- [RECORDS FOR PROCESSING]
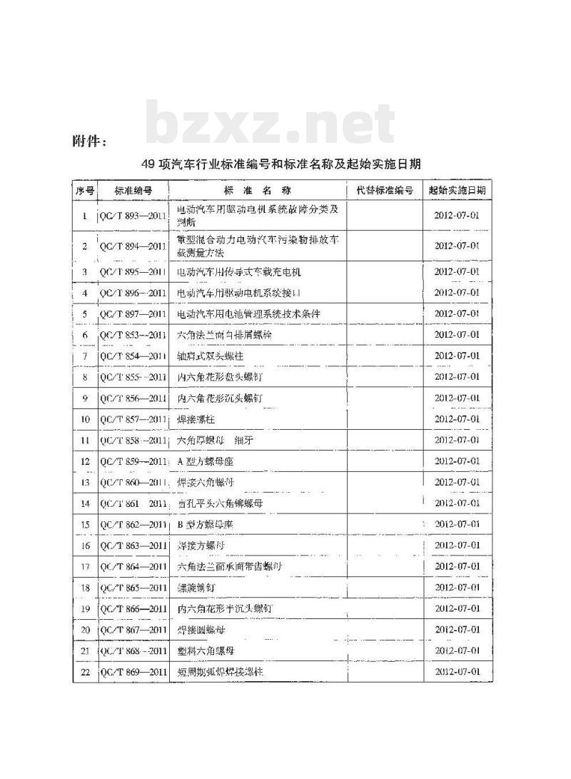 附件:49项汽车行业标淮编导种标准名称及起始实施日期中华人民共和国工业和信息化部二0一年十二月二十日
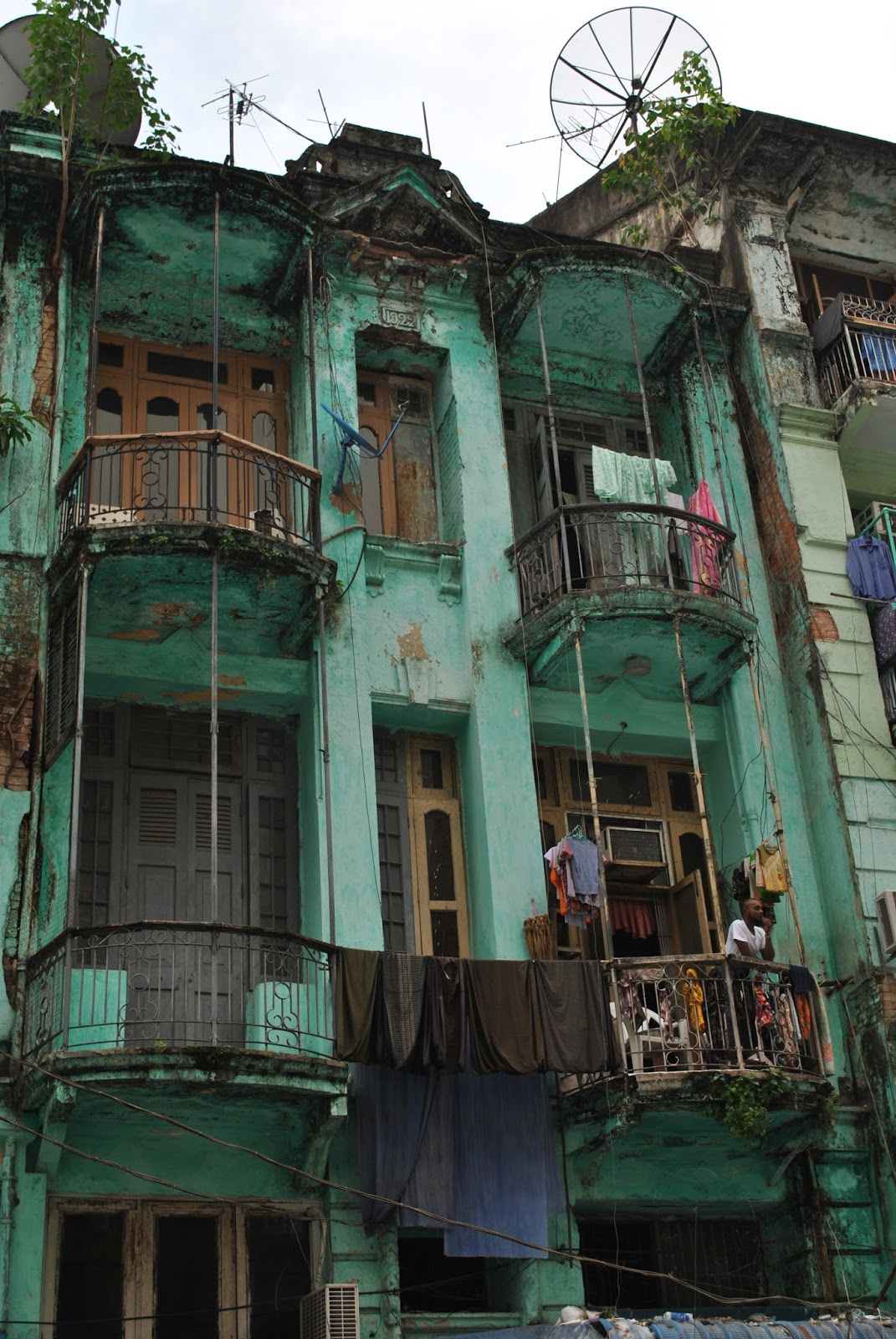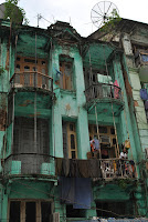 A próxima zona da cidade que visitamos foi a baixa, entre o Bogyoke Market e a Sule Pagoda. São uma serie de ruas paralelas com casas do tempo colonial coloridas. Parece que estamos na India, ou no Bangladesh. De facto há uma grande comunidade de gente proveniente do Bangladesh em Yangoon. Diz-se que nos tempos coloniais, a dada altura, Rangum tinha mais emigrantes do Bangladesh e da India do que birmaneses. Aqui nesta parte da cidade, parece que nada mudou. As ruas no entanto são muito sujas o que certamente não acontecia nesses tempos. Passamos também por uma mesquita o que denota a faceta multicultural desta cidade.
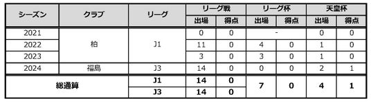 サッカー歴:FCアビリスタ→柏レイソルU-12→柏レイソルU-15→柏レイソルU-18→筑波大→柏レイソル→福島ユナイテッドFC
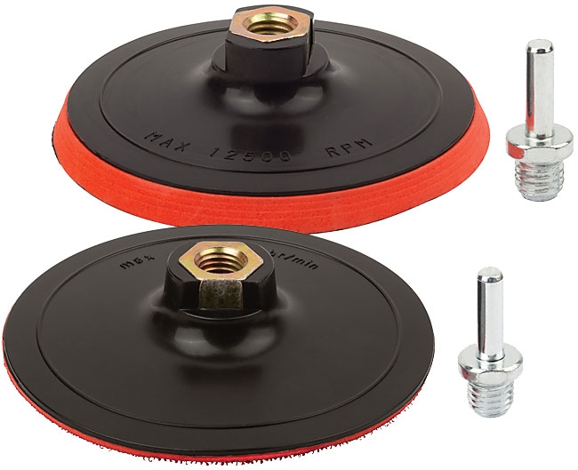 Насадка c липучкой предназначена для УШМ и дрелей. Применяется для проведения шлифовальных работ совместно с абразивными кругами на ворсовой основе. Преимущество насадки в наличии мягкой полиуретановой прокладки, которая позволяет качественно обрабатывать сложные неровные поверхности. В комплекте поставляется переходник с резьбы М14 на цилиндрический хвостовик.
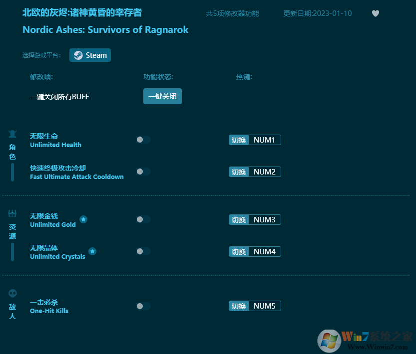 北歐的灰燼諸神黃昏的幸存者修改器功能介紹:
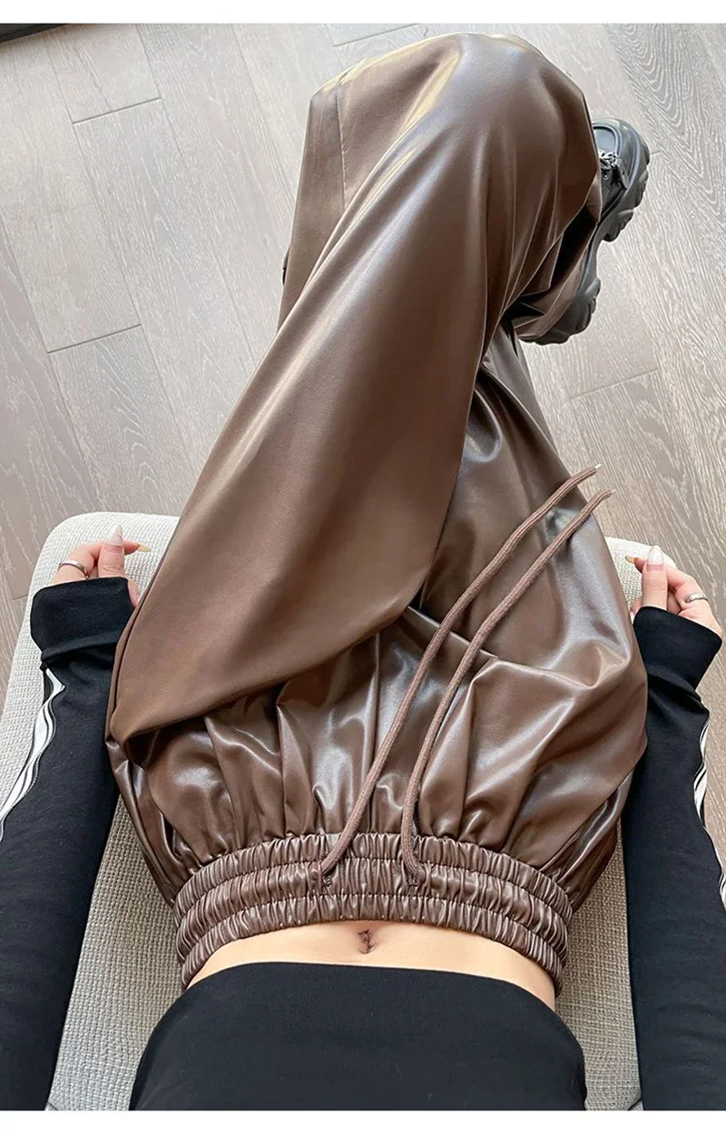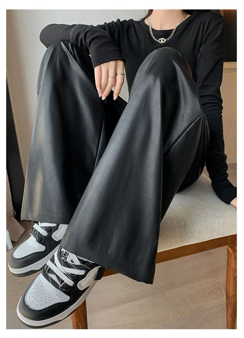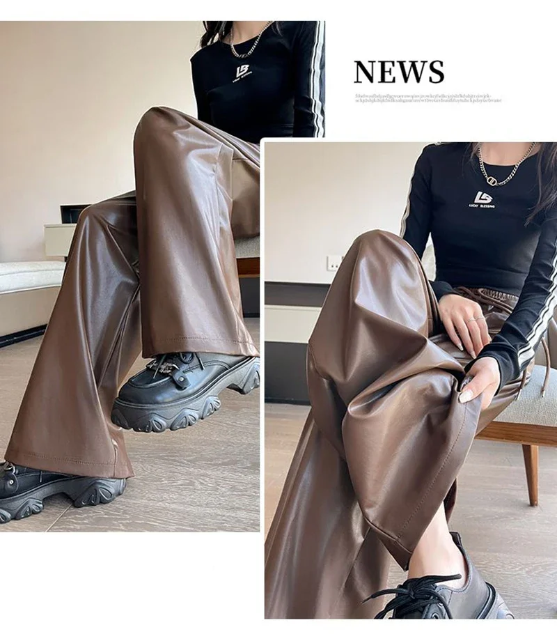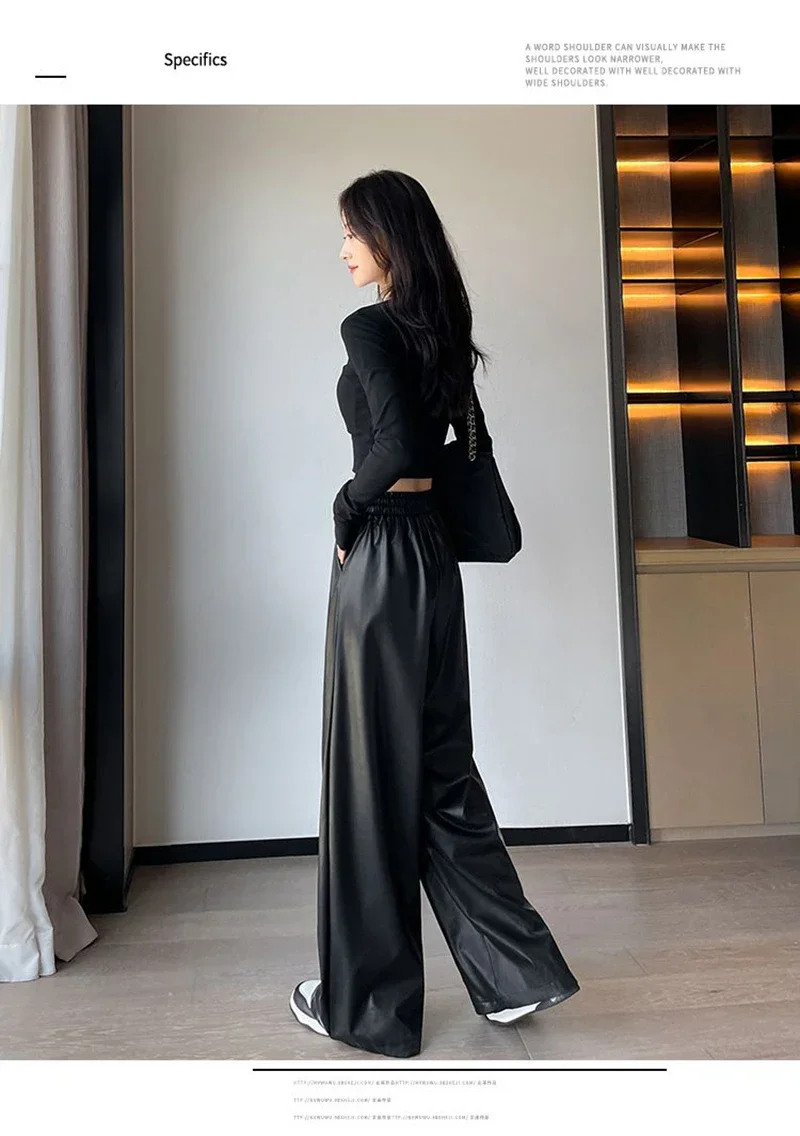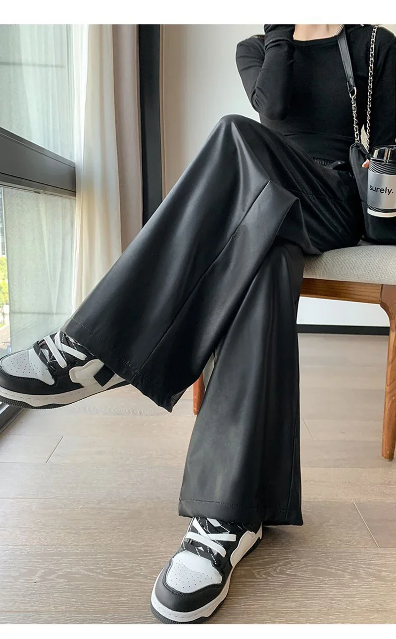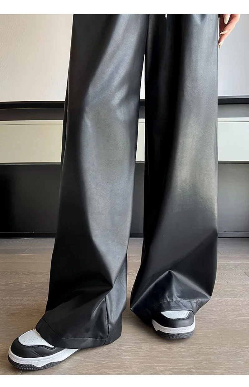 Y2K Vintage Pu Faux Leather Trousers Women Fall Wide Leg Pants Korean Drawstring High Waist Loose Pocket Solid Straight Bottoms

- [WHAT TO PRODUCE]
Only an exact copy is needed: the lines from the opening of the listing through the line with "サッカー歴:FCアビリスタ→", both included, minus the pictures.

- [EXERCISE ANSWER]
 附件:49项汽车行业标淮编导种标准名称及起始实施日期中华人民共和国工业和信息化部二0一年十二月二十日
 A próxima zona da cidade que visitamos foi a baixa, entre o Bogyoke Market e a Sule Pagoda. São uma serie de ruas paralelas com casas do tempo colonial coloridas. Parece que estamos na India, ou no Bangladesh. De facto há uma grande comunidade de gente proveniente do Bangladesh em Yangoon. Diz-se que nos tempos coloniais, a dada altura, Rangum tinha mais emigrantes do Bangladesh e da India do que birmaneses. Aqui nesta parte da cidade, parece que nada mudou. As ruas no entanto são muito sujas o que certamente não acontecia nesses tempos. Passamos também por uma mesquita o que denota a faceta multicultural desta cidade.
 サッカー歴:FCアビリスタ→柏レイソルU-12→柏レイソルU-15→柏レイソルU-18→筑波大→柏レイソル→福島ユナイテッドFC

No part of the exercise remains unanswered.